International career
- Years: Team / Apps / (Points)
- 1974–1976: South Africa / 5 / (3)

= Ian Robertson (rugby union, born 1950) =

South African rugby union footballer

 Ian William Robertson (28 April 1950 – 24 August 2015) was a South African rugby union player.

==Playing career==
Robertson attended the Prince Edward School in Salisbury (now Harare) and in 1968 represented Rhodesia at the annual Craven Week tournament for schoolboys. The following year, as a nineteen year old, he made his debut in senior rugby for Rhodesia against South West Africa. Robertson went on to represent Rhodesia regularly from 1969 until 1979, but for two excursions in South Africa. First in 1972 when he moved to Johannesburg and only managed to make the Transvaal B team. In 1975 he moved to Cape Town and joined the Villager Football Club. He however could not secure a regular place in the Western Province team. When Robertson returned to Rhodesia at the beginning of 1976, he once again became an automatic first choice for the national side and was 1976 probably his greatest year.

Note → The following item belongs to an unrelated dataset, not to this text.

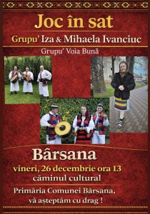 Locuitorii din Bârsana sunt invitați la un eveniment deosebit, plin de tradiție și muzică populară autentică. Vineri, 26 decembrie, de la ora 13:00, la Căminul Cultural din Bârsana, va avea loc spectacolul „Joc în sat”, dedicat păstrării obiceiurilor și valorilor maramureșene.

At an international level, Robertson was selected to tour with the Springboks to France in 1974 and made his test debut against France on 23 November 1974 in Toulouse. He played in both test matches on the French tour and also played in five tour matches, scoring eighteen points for the Springboks. He missed out on any further test during 1975 and in 1976 he played in three of the four test matches against the touring All Black side captained by Andy Leslie.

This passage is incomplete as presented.